On Dec 13, 9:56 am, WM <mueck...@rz.fh-augsburg.de> wrote: > > Ah I see, so you are imposing another condition on the definition of a > > path, > > No, that is *the* definition of a path in a Binary Tree. > Actually it is not. There is no need at all to stipulate that a path must begin by 0. It is a fixed definition.
I already showed you that the number of paths in a second degree binary tree (or third degree if you want to adop the empty path) IS larger than the total number of nodes. And what I mean by paths those that can start with 1 or with 0, but with the condition that it must be unidirectional. And showed it clearly and I've illustrated each path. You have 9 paths (inclusive of the empty path) and only 7 nodes.

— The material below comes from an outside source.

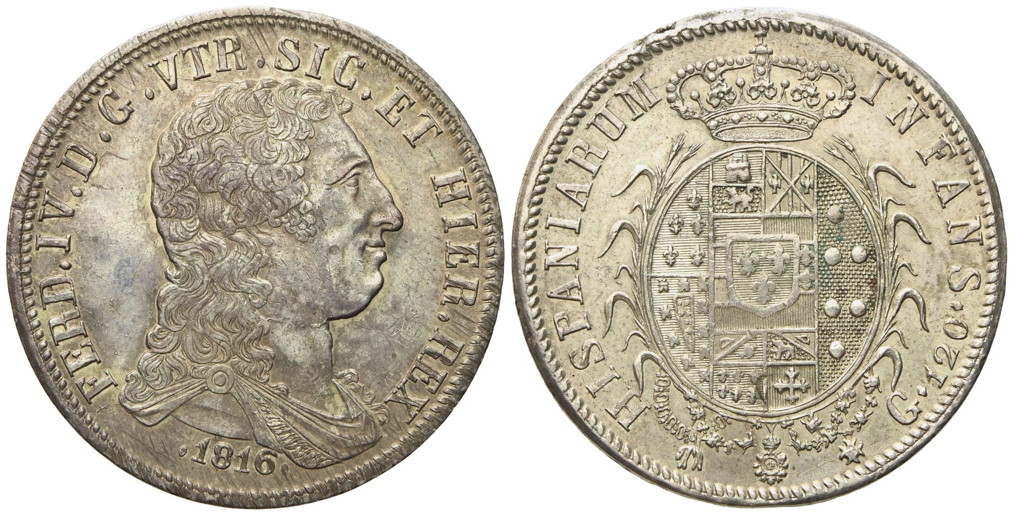 NAPOLI. Regno di Napoli. Ferdinando IV di Borbone (1815-1816 - III periodo). Piastra da 120 grana 1816. Ag (27,54 g; 37,2 mm)

> > that it must begin with 0 since it is representing a number in > > the interval [0,1], that's OK, then according to that I can see that > > you are correct since the number of paths do corresponds to the number > > of ending node, and with my calculation it would be less than the > > total number of nodes by one. I'll need to check this again, but let > > me agree with you on that for the current moment. > > > But still you have a problem. What you really managed to prove is that > > the total number of FINITE undirectional paths beginning from 0 in the > > infinite binary tree is countable, since we can simply draw an > > injective map from those paths to their ending nodes. > > No. I proved that the number of infinite paths is countable by > constructing all nodes of the Binbary Tree by a countable set of > infinite paths. >
This only means that you can have a bijective function from a countable subset of infinite paths of the binary tree to the set of all nodes, which everyone already know that this is possible, because we all agree that the total number of nodes of the infinite binary tree is countable.
What would be a proof is if you manage to define an injection from the set of ALL infinite paths of the binary tree to the set of all nodes of the binary tree.